What are some of the big decisions you’ve made and how has that affected your friendships and relationships?
Part 2: Talking out your first draft
[NOTE: the books mentioned in this episode are out of print. For more, check out episode 388.]
By now, you should have done an ideation process on your book ideas, narrowed it down to one, and if you completed last week’s assignment, used a short form writing as a testbed.
If you’ve done all of these and you’re still as enthused and excited about this as your first book topic, it’s time to move on to your first draft.
First things first. Shut off your Word processor and put away your pen and paper.
You won’t need those that yet.
Around this time in 2017, I had agreed to co-write my first book. I was ready to hop onto my Macbook and start plugging away like I normally do for the many blogs, articles and show notes that I create every week. My process is to write a sloppy first draft, trying to edit as little as possible, and then go back to edit and redraft it to final form.
I was itching to do just that with this book when my co-author suggested we do something radically different. He suggested we “talk out” the first draft.
I had no idea what he meant by this.
He explained that he wanted to spend some time talking, as we’ve done over the years and retell our stories of how we got involved in a Star Trek fan film, from beginning to end. Since I had a lot of experience recording podcast interviews, he also suggested that we could record these conversations.
You might be surprised to hear that I was skeptical to the point of being resistant to the idea.
For me, the act of writing is writing: sitting at a keyboard and typing away. Talking was something completely different. At first, I thought this was a complete waste of time. It took some convincing but I eventually agreed to the idea, begrudgingly.
We decided to do 2-3 conversations a week, mostly in the evenings during his drive home. Since he lives on the West coast, this meant around 8 pm EST for me. The idea was to hop onto Skype and record these convos using my podcast set up. It was around week 3 that I started to see the benefit of doing this. As we shared our stories, we sparked memories and anecdotes that we had both long forgotten.
As we progressed, it was around mid-May, when it hit me that we were actually talking out the first draft of the book. It didn’t have a shape and there were a lot of ideas and moments that zig-zagged back and forth but somewhere, somehow we started to discover the core of what this story was.

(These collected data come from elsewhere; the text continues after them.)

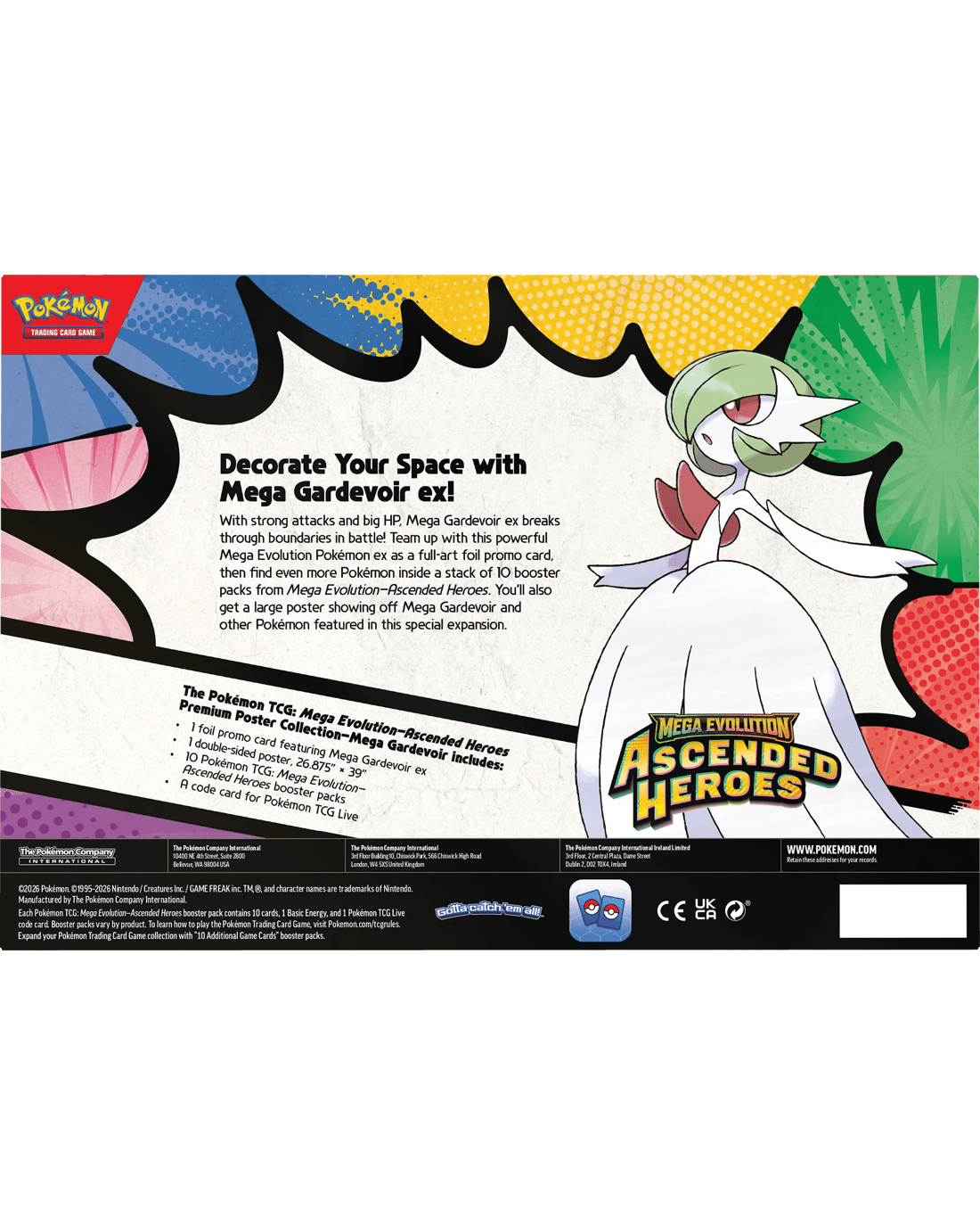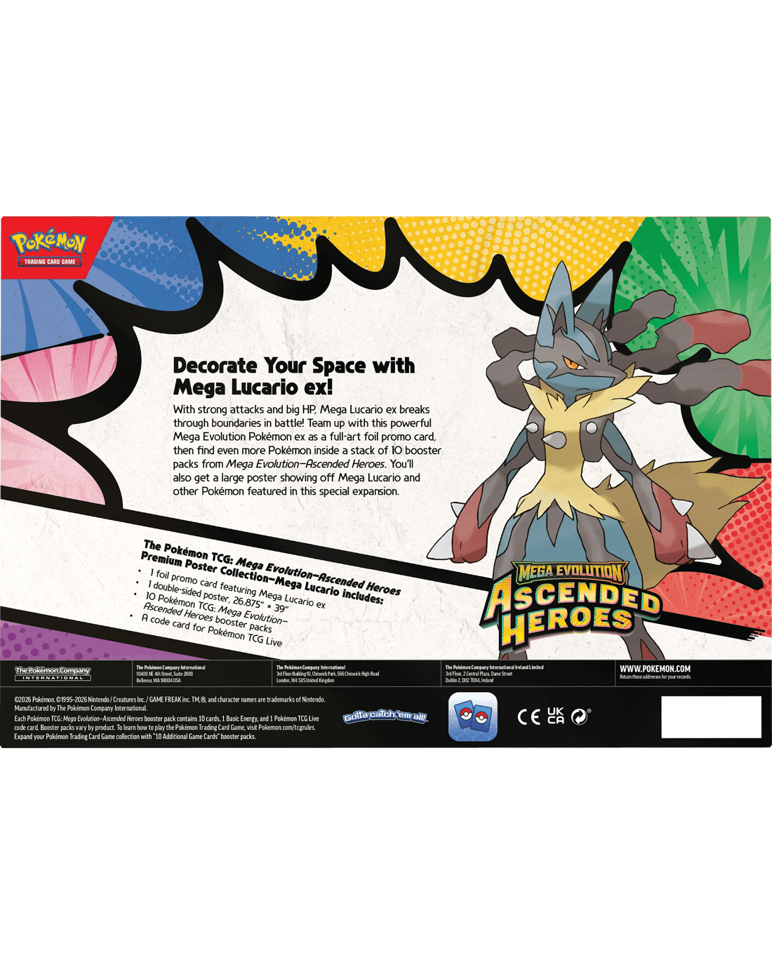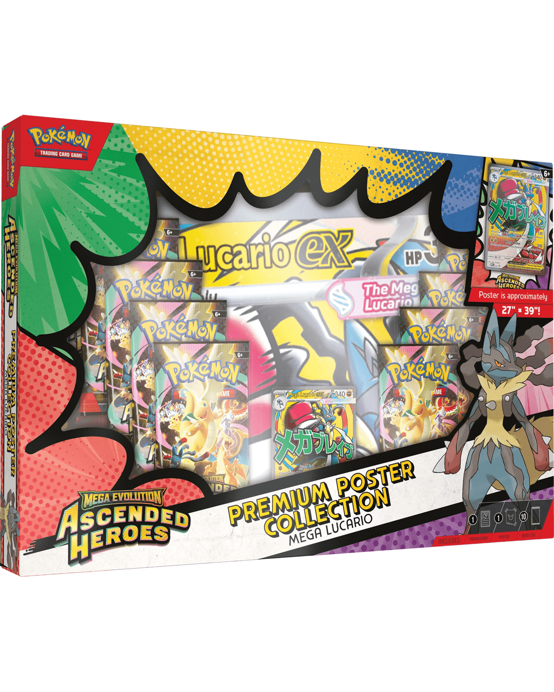 - Includes 1 x foil promo card featuring Mega Lucario ex or Mega Gardevoir ex, 1 x double-sided poster, 10 x Pokemon TCG: Mega Evolution - Ascended Heroes booster packs and 1 x code card for Pokemon TCG Live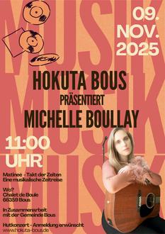 Am Sonntag tritt im Rahmen unserer Kooperation mit der Gemeinde die Bouser Sängerin Michelle Boullay in unserem gut geheizten Chalet de Boule auf. Sie führt singend durch eine Zeitreise mit Liedern bekannter Interpretinnen und trägt auch eigenes Liedgut vor.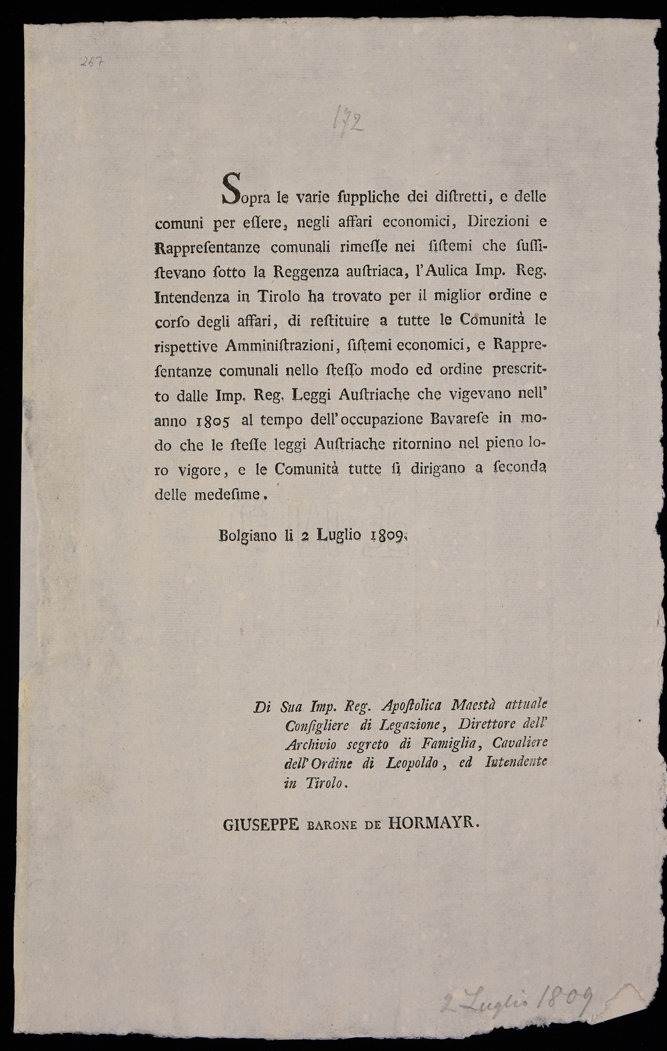 | Sopra le varie suppliche dei distretti e delle comuni per essere, negli affari economici, direzioni e rappresentanze comunali rimesse nei sistemi che sussistevano sotto la reggenza austriaca ... |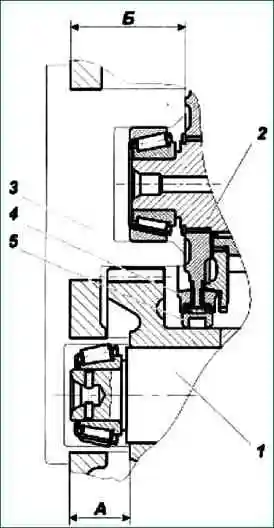 - 1.1. При запрессованном до упора внутреннем кольце переднего подшипника вторичного вала замерить размер «Б» (от торца ступицы синхронизатора до широкого торца наружного кольца подшипника).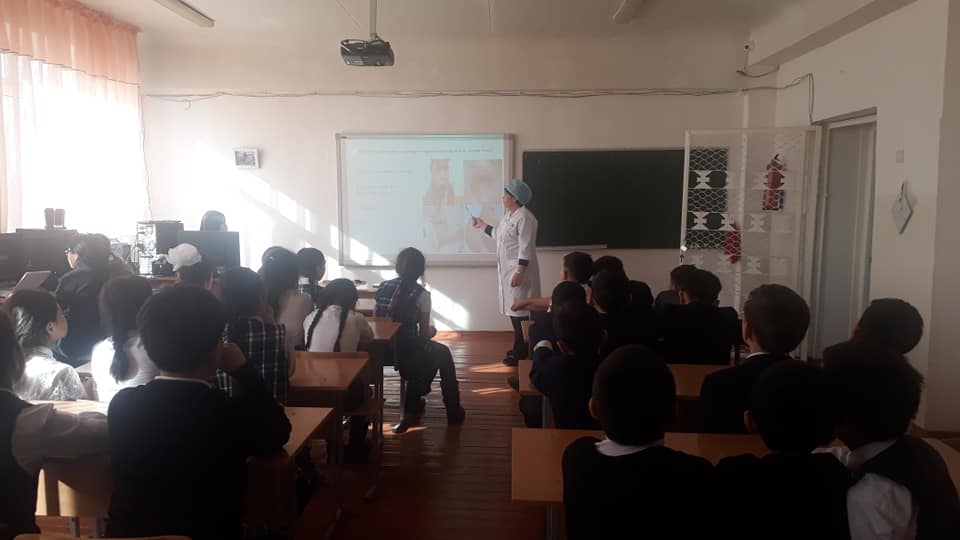 13 февраль 2020 0 1 2 3 4 5 "Жұқпалы тері аураулары мен педикулездің алдын алу" акциясы "Жұқпалы тері аураулары мен педикулездің алдын алу" акциясы аясында мектеп медбикесі А.Кушукова 5-11 сынып оқушыларына презентация көрсетіп, түсіндіру жұмыстарын жүргізді.

Our “first draft” spanned a three month period from late spring to early summer and by the end, we had close to 70 recorded conversations. These conversations would serve as the foundation of the book.

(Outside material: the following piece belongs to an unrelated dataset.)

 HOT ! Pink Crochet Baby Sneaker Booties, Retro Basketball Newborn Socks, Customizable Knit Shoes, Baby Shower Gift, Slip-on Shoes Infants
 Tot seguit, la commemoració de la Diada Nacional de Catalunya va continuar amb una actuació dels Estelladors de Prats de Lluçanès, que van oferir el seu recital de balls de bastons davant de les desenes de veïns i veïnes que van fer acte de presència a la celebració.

Close your word processor and give your fingers a rest. Instead, open up the recorder app on your phone and start talking. If you’re doing this with a co-author, you can use Skype or Zoom, both of which now have native recording features. You don’t need fancy equipment – just a full charge, some earbuds, and your voice. Over the next few weeks, we’ll be building on this first draft.

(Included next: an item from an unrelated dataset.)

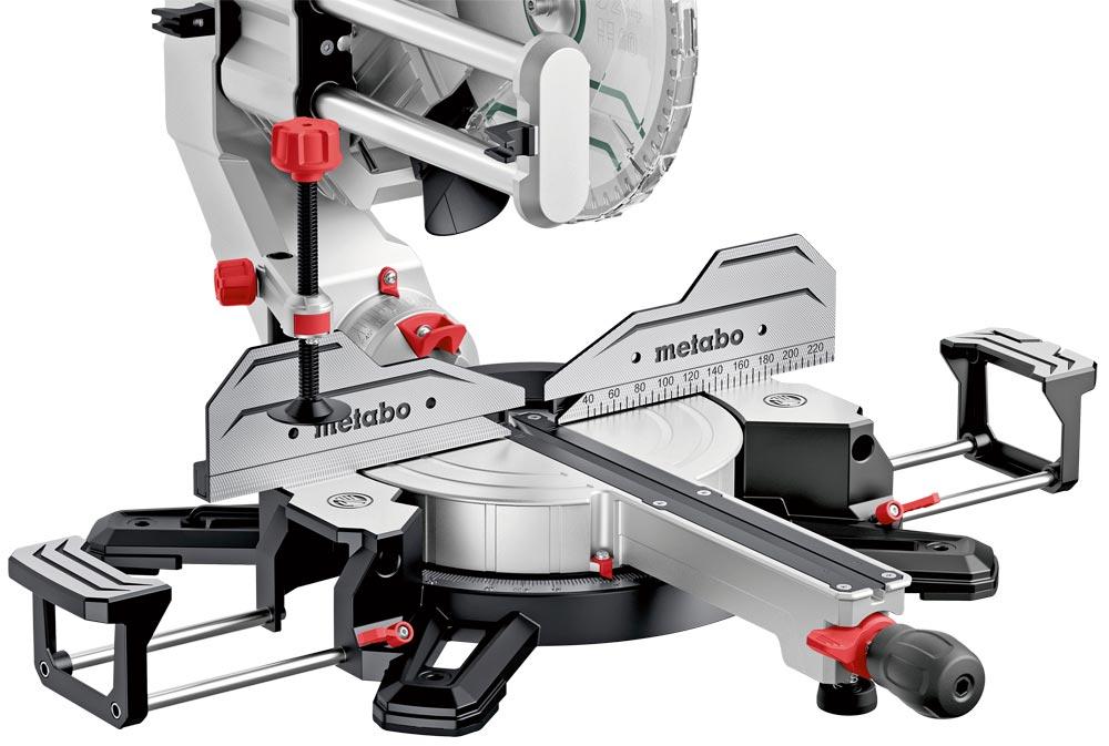 Säge ∙ Maximale Flexibilität beim Sägen durch beidseitig drehbaren Tisch und beidseitig neigbaren Sägekopf ∙ Variable Drehzahl für erweitertes Einsatzspektrum, z.B. zum Sägen von Alu-Profilen und Kunststoffen ∙ Effektive Spanabsaugung über integrierten Spänefangtrichter ∙ Sanftanlauf für lange Lebensdauer von Motor und Getriebe ∙ Schnelle und präzise Einstellung gängiger Winkel über Rastpunkte ∙ Ausziehbare Tischverbreiterungen, auch abnehmbar zum Unterlegen extrem langer Werkstücke ∙ Schnellspannzwinge zur sicheren Fixierung des Werkstücks von oben oder von vorne ∙ Tiefenanschlag zur einfachen Herstellung von Nuten
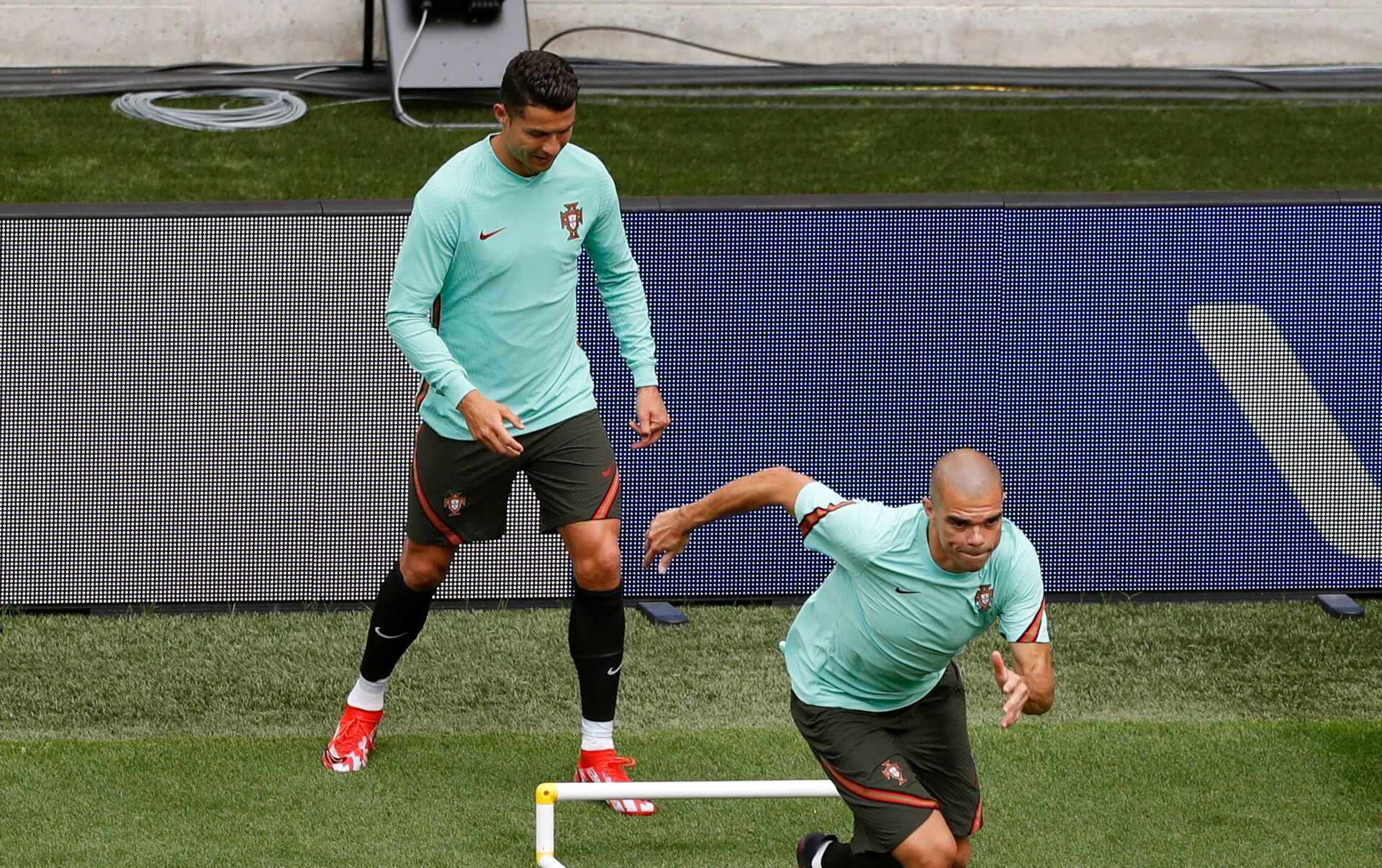 © REUTERS / LASZLO BALOGHكريستيانو رونالدو وبيبي خلال تدريباتهما مع المنتخب البرتغالي في يورو 2020

[NOTE: the books mentioned in this episode and in the book writing series are out of print. I am leaving these episodes mostly as is and strictly for informational and instructional purposes only. I have retracted my story from the book discussed in this episode and its sequel with full reservation of my copyright. For more, check out episode 388.]
Scrivener (available for Mac, Win, IOS) is a book writing program that auto formats for self-publishing on Amazon’s KDP and other platforms. It’s a great tool with rich features that allow co-writers to collaborate through Dropbox. Scrivener has a bit of a learning curve but I’ve been a fan since 2017 and have talked to many authors who use it as their go-to. If you’re interested in Scrivener, you can use the coupon code MOVINGFORWARD to get 20% off your purchase (for Mac or Win). It’s a one-time license fee and available for Mac, Win, IOS.
Note: this section contains affiliate links and coupon codes for which the author may receive some compensation.
Part 3: What I’m reading / read
Becoming by Michelle Obama (*****): a fantastic book and one of my top recommendations so far this year. Before reading this, I knew very little about Michelle Obama’s background outside of her time in the White House. I especially enjoyed the first half where Michelle talks about her childhood and family life; growing up in the working class family in Chicago and the relationships with her mother, father, and brother. These relationships permeate throughout this book and are the catalyst for her discovery of self. I was particularly moved by the struggles she faced after she became an attorney, having worked hard in school and after, to get to a point of “success,” only to find that something was missing. Her insights into the struggle to find herself (hence the title) as she transitioned into community advocacy and academia, then to national politics are refreshingly candid. This book is a wonderful read from a person who, despite all of her accolades and success, still struggles with the same doubts and hesitations that we all face in life.